This pipe is used to produce a frequency of 8 Hz. When you get to that level, it's more something that you feel rather than something that you hear. For sure. The lowest note most big pipe organs can play is 16 Hz, which is just at the limit of human hearing. But even this requires a 32-foot pipe, which is too big or expensive for many organs. Do you know where the 32-footers are? Well, the ones at the front, they're the ones that you see at the front. That one. That's the 32-footer. Yeah. So that's nearly 10 meters. Nearly 10 meters, yeah. Pretty scary to think about from the top of it, actually.
In 18th century Europe, Georg Joseph Vogler was a popular organist. He wanted to tour the continent, but that would require building a compact, portable organ that he could take with him on the road. He obviously couldn't haul around the huge 32-foot pipe required to produce 16 Hz. So how could he still create the low frequencies that make the organ so powerful? Vogler realized that if he played the harmonics of 16 Hz using shorter pipes, your brain would hear this missing fundamental. Can we try the trick and see if. Yeah, sure, yeah. The fifth is that sort of most common fundamental, which you're going to hear to get the low sound.
But basically, the quint gets used with a 16-foot and it creates the lower resultant tone. So that's just the 16 metal. Mmm. It's so funny because you add it, and I do not hear it going up. You're playing a fifth above. Yes, but I'm hearing it go down. Like you just pull that out. And I'm like, oh yeah, the note dropped. That's the trick. Yeah. With the two sounds I played at the beginning, the first was a pure 100 Hz, but the second sound was made up of the harmonics of 50 Hz. So you actually heard this fundamental frequency even though it wasn't there.
That's how higher frequencies together can sound lower than low frequencies if they are harmonics of a low fundamental. Now, this might not be as weird as it seems. If you look at the waveform of the harmonics, you find that adding the higher frequencies changes the period of the sound. It makes the period longer so that it's actually the same as the missing fundamental. If you kind of recreate some of those harmonic pitches, you're actually going to bring out more bass in the sound. So the idea of like, you could play the harmonics and hear the fundamental. Exactly, even if you're not playing the fundamental? That's right, yeah.
So different frequency sounds can combine to make notes that aren't there, but they can also do something even hello, it's me, Mario. In Super Mario 64, there's a staircase that seems to go on forever. Players can't level up until they collect enough coins. Now listen carefully to the music. The scale sounds like it keeps going up and up and up, just like the endless staircase. This is the shepard tone illusion. And here's a Shepard glissando on its own.

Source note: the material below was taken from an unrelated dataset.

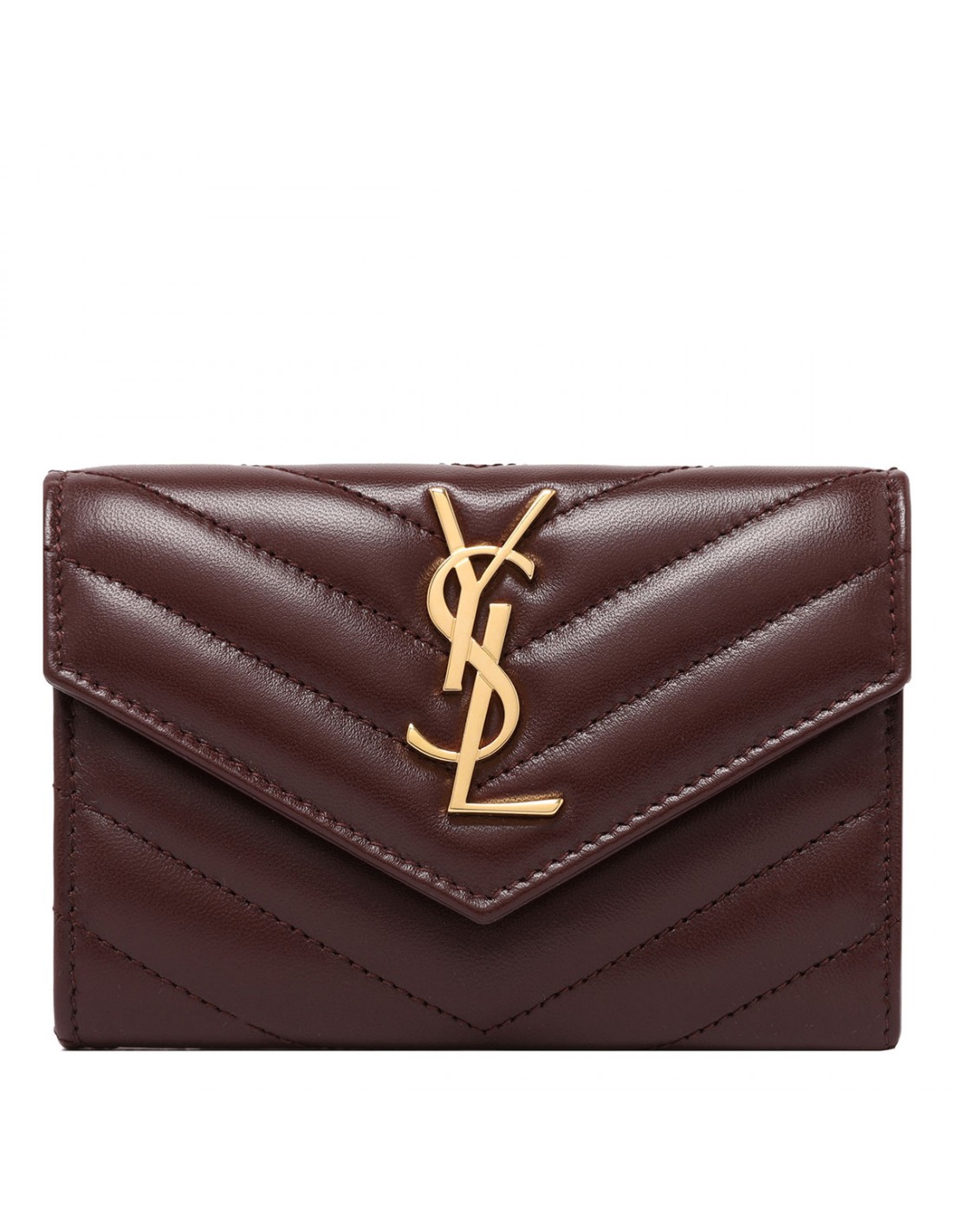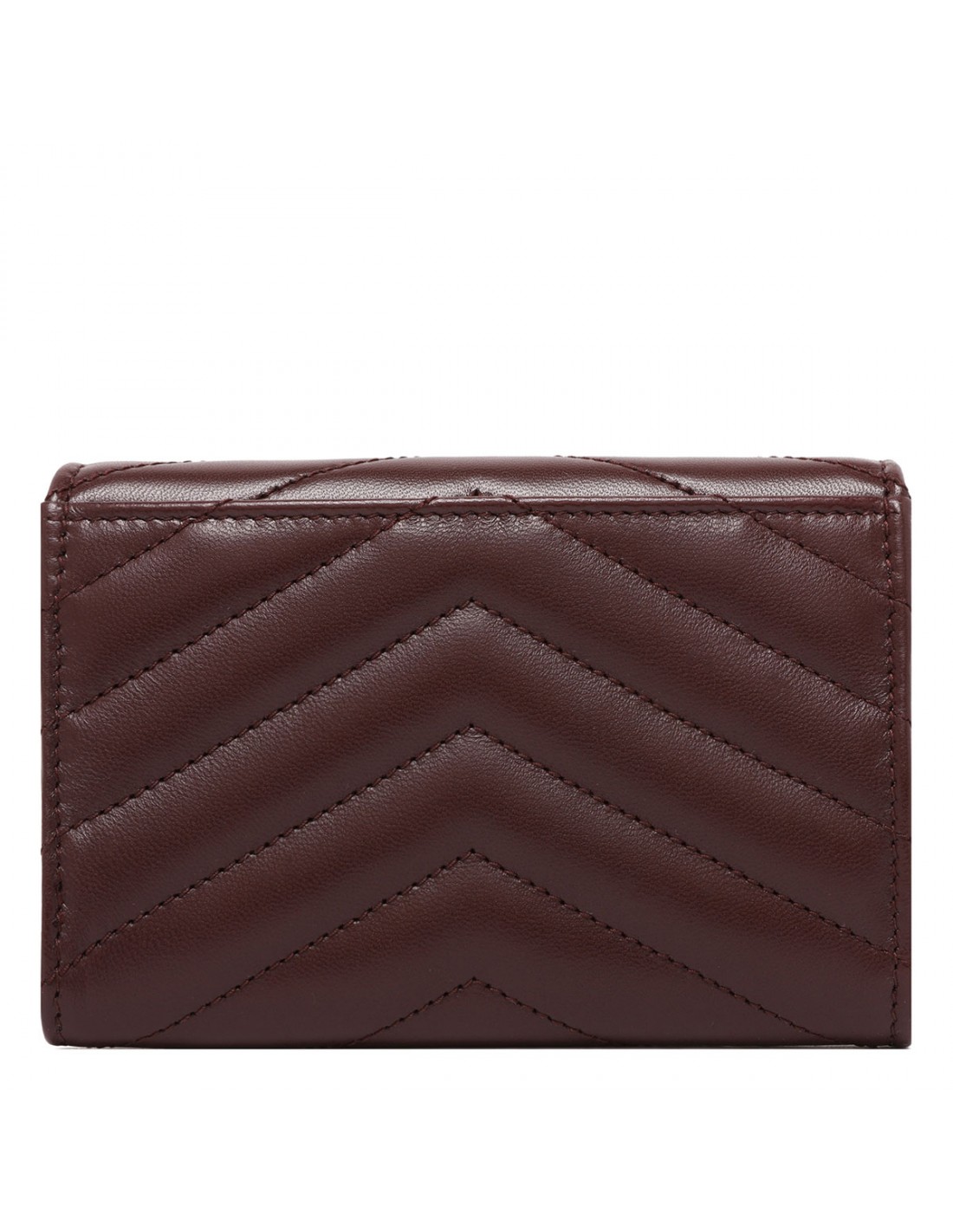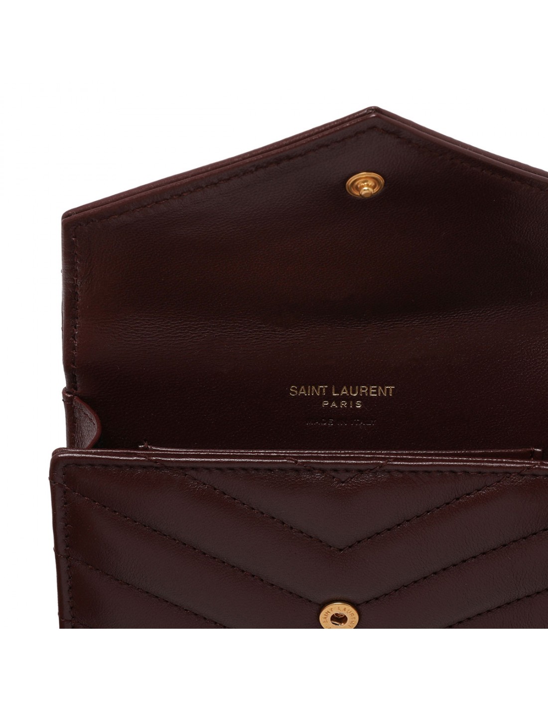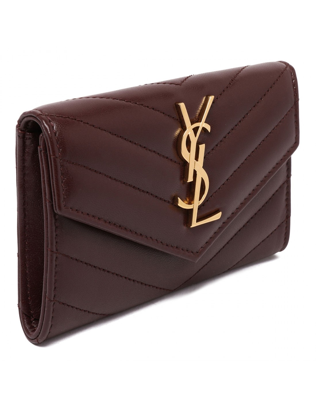 Cabernet red hue matelassé leather envelope wallet from Saint Laurent featuring Cassandre decoration, quilted topstitching, snap-button closure, gold-tone hardware, four card slots, one flat pocket at back, leather lining.

An ever-increasing tone should be impossible because we can't hear anything beyond the 20,000 Hz limit. And yet this sound keeps going, always ascending. The trick is a shepard tone isn't just one note. There are multiple frequencies being played, all separated by octaves. All of these frequencies are increasing, but as they do, their volumes change so the high notes get quieter and the low notes get louder. High notes soon fade out and new low notes are faded in. This gives the illusion of an ever-rising pitch.
Like the audio version of a barbershop pole, Shepard tones can also evoke emotional or physical responses in some listeners. A 2016 study found that after listening to Shepard tones, participants reported feeling nervous, anxious, and disturbed. Perhaps that's why during an intense bombing scene in the film Dunkirk, Shepard tones feature in the accompanying score. Hopefully this won't make you uneasy, but I want you to try to figure out which well-known tune this is. All of the notes have been kept the same, but they've been mixed up into different octaves.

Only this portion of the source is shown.